Hacía semanas que no iba a cine. Lo extrañaba y ver El insulto (2017) me volvió a rodear de esa admiración sin par que siento por los directores, actores, guionistas y artistas que construyen una historia que uno ve y vive a oscuras y casi sin moverse. Sin dañarles la trama y las emociones que evoca, creo que es una película de altísima calidad, que abofetea al público con su forma alegórica de narración y con sus profundas reflexiones sobre la xenofobia y los odios heredados. Hace mucho tiempo no veía un montaje tipo juicio que pusiera en un diálogo tan estrecho y complejo las partes de un conflicto que nos toca a todos de formas distintas: las batallas históricas entre comunidades.
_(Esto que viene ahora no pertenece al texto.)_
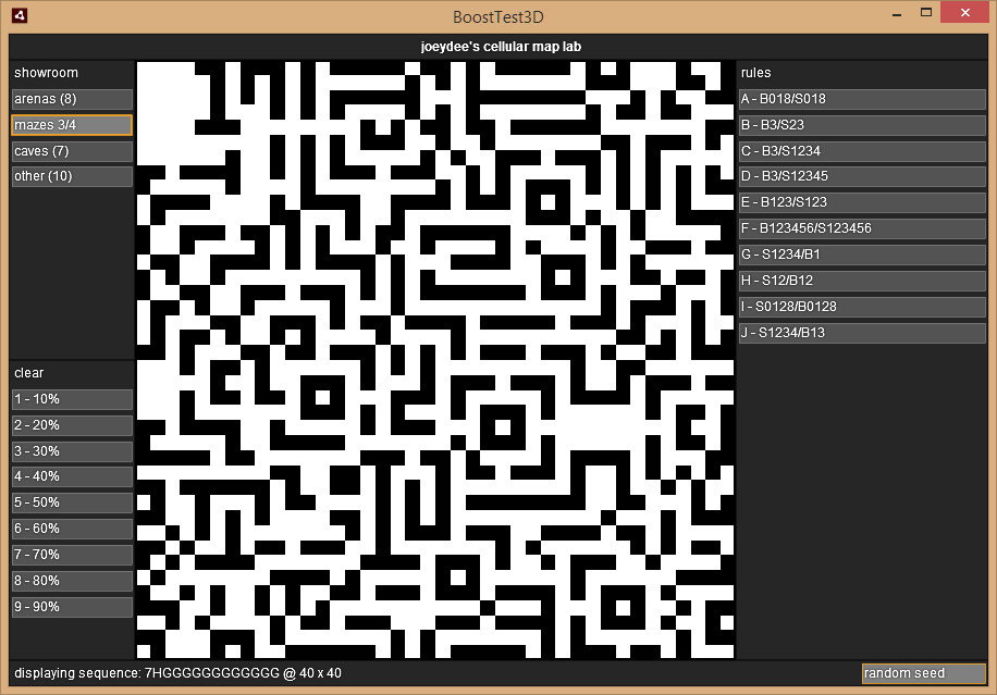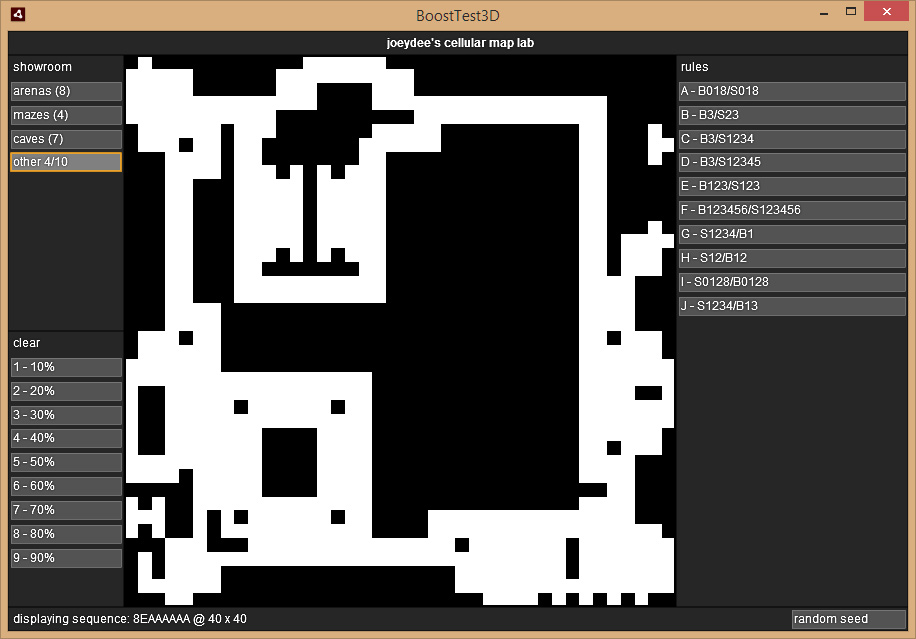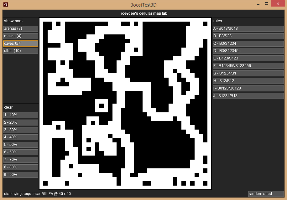 Die Regeln sind eher zufällig herausgepickt/ausprobiert. B ist z.B. das original Game of Life. Eigene Regeln kann man hier jetzt nicht eingeben. Wie die Regeln zu interpretieren sind, und wie der Automat funktioniert steht in der Wikipedia, von daher lässt sich das auch in 5 Minuten nachcoden. Ich halte das für ausbaubar, mit Bildfiltern, Masken, Fülloperationen, Analysewerkzeugen usw. und/oder einfach nur als Grundlage in einem Editor.

En este caso, el conflicto israelí-palestino y la situación tensa en la que queda el Líbano en medio de esa disputa.
Me parece que la película tiene una estructura narrativa impecable, que nos va dando sorpresas que nos enfrentan a nosotros mismos (descubrir a mitad de la película por quién tomó partido uno y salir del cine preguntándose por qué); encarna en los personajes, en sus discursos y en su polifonía todas las complejidades jurídicas, éticas, políticas y estéticas de la guerra; propone una revisión de cómo lo que somos a diario se convierte en una declaración de derechos y cuánto hay que examinar el camino que la ideología y el prejuicio va trazando en nosotros y en lo que llamamos nuestra personalidad; finalmente, la cinta deja claro que la reconciliación es un proceso de desgarre que no se puede prestar ni delegar, tiene que ocurrirnos a solas.
Recomiendo mucho esta obra tan conmovedora, tan pedagógica, tan oportuna y tan lúcida, en momentos de implementación de acuerdos de paz en Colombia y de abrazos de acogida a venezolanos que buscan un asidero digno en este agrietado país.